- _PROBLEM DETAILS_:
Repeat exactly the lines below that lie between the line with "В Киеве еще" and the line with "Lò nướng thủy", counting both of those lines as part of the answer.

Collected data:

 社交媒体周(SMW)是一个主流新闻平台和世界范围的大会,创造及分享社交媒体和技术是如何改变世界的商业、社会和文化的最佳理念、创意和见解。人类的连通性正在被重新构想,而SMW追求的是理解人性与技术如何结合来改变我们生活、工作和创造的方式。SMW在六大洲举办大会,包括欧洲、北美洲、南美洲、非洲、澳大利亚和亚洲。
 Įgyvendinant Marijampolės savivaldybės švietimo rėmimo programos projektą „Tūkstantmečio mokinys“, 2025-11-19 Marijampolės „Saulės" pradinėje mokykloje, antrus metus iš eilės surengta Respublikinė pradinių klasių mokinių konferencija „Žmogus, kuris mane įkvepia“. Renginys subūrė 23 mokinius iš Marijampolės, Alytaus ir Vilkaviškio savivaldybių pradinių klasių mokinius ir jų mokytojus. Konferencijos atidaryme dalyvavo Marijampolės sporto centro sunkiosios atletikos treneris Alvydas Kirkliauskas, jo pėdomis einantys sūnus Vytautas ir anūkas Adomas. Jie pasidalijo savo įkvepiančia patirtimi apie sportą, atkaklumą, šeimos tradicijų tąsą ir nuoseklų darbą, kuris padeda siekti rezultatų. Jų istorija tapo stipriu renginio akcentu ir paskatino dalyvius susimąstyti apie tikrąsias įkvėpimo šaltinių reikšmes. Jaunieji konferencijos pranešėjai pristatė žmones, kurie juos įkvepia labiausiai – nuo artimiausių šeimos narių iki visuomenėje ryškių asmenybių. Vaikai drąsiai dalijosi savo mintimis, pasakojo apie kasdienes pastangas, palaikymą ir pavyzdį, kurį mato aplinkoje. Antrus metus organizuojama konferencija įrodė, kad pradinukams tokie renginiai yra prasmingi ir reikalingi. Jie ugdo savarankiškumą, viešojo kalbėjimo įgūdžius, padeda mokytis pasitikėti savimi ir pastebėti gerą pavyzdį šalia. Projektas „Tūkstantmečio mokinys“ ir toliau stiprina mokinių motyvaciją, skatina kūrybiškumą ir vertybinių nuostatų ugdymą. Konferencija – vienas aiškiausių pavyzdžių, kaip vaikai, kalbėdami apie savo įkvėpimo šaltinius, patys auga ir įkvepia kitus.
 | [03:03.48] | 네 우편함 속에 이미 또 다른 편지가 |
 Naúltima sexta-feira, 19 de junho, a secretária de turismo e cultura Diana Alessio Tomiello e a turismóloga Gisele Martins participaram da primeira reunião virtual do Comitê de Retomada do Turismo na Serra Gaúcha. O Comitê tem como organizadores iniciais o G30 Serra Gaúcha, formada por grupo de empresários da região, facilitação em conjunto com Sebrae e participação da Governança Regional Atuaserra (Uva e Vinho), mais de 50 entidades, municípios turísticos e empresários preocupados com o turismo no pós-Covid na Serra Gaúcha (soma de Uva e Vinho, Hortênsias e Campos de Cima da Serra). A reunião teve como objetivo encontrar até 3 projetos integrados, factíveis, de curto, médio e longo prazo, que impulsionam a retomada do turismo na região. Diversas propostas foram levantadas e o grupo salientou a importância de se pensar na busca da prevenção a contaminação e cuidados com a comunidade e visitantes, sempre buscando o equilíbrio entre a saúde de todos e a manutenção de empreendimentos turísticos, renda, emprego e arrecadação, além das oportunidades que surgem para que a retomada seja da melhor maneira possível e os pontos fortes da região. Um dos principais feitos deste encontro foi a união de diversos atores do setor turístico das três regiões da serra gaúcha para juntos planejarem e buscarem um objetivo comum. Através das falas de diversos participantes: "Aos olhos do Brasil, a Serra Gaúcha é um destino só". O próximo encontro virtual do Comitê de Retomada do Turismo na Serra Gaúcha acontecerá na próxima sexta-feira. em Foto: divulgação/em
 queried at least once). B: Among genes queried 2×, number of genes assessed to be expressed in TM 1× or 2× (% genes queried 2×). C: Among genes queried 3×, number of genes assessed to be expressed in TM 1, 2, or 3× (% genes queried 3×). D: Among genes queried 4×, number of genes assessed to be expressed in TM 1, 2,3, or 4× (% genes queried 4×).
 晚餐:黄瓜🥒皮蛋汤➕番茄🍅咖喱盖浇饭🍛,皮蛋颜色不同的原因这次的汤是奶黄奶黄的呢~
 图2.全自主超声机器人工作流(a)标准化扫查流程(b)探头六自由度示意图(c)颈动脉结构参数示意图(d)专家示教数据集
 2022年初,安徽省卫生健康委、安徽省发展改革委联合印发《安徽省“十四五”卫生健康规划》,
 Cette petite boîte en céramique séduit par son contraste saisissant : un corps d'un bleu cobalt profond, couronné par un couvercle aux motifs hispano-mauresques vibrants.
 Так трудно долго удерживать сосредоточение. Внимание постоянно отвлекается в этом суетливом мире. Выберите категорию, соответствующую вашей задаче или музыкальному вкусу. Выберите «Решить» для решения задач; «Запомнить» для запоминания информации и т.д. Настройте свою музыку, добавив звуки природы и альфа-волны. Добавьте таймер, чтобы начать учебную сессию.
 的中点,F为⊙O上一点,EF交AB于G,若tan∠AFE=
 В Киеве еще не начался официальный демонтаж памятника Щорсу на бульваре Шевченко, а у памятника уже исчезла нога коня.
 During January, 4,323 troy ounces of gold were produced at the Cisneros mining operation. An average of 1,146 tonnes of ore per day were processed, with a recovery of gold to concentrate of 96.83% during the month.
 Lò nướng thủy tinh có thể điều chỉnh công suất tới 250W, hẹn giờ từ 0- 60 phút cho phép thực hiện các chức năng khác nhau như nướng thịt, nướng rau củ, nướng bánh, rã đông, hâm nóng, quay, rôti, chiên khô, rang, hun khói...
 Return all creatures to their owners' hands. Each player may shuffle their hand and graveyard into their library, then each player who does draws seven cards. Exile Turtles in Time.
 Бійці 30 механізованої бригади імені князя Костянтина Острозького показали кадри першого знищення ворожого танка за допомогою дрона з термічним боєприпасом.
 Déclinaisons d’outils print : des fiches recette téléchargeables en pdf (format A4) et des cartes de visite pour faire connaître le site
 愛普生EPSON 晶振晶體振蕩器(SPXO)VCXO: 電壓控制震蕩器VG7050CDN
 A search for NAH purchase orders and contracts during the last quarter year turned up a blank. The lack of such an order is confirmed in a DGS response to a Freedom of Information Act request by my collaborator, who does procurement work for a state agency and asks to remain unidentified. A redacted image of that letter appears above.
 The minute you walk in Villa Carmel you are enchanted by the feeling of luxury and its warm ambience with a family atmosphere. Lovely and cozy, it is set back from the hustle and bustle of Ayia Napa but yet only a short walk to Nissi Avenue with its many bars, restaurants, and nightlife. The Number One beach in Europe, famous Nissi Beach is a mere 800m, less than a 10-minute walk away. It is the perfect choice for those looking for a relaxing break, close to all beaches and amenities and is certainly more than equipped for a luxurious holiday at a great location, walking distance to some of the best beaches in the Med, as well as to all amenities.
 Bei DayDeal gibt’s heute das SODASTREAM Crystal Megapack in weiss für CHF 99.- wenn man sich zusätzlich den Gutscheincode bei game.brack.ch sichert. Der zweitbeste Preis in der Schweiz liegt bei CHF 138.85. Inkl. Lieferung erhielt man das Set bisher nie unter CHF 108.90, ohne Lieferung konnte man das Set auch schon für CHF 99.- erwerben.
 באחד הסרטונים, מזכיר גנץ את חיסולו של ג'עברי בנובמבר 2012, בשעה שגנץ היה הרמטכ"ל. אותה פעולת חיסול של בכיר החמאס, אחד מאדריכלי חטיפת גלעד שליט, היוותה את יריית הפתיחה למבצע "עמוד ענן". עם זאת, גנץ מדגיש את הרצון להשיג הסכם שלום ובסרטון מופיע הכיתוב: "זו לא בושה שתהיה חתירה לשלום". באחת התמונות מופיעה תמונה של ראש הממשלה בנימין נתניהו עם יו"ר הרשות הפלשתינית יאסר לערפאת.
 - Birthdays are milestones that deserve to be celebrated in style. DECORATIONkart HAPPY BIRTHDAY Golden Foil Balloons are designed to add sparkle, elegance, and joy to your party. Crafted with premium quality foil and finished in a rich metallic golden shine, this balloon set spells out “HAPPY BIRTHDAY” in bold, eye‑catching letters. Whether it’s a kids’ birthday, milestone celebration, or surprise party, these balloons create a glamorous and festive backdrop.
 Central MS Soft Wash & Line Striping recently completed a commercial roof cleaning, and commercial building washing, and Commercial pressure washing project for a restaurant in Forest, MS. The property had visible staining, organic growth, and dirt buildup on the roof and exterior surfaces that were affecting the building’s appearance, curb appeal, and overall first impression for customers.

- _YOUR RESPONSE_:
 В Киеве еще не начался официальный демонтаж памятника Щорсу на бульваре Шевченко, а у памятника уже исчезла нога коня.
 During January, 4,323 troy ounces of gold were produced at the Cisneros mining operation. An average of 1,146 tonnes of ore per day were processed, with a recovery of gold to concentrate of 96.83% during the month.
 Lò nướng thủy tinh có thể điều chỉnh công suất tới 250W, hẹn giờ từ 0- 60 phút cho phép thực hiện các chức năng khác nhau như nướng thịt, nướng rau củ, nướng bánh, rã đông, hâm nóng, quay, rôti, chiên khô, rang, hun khói...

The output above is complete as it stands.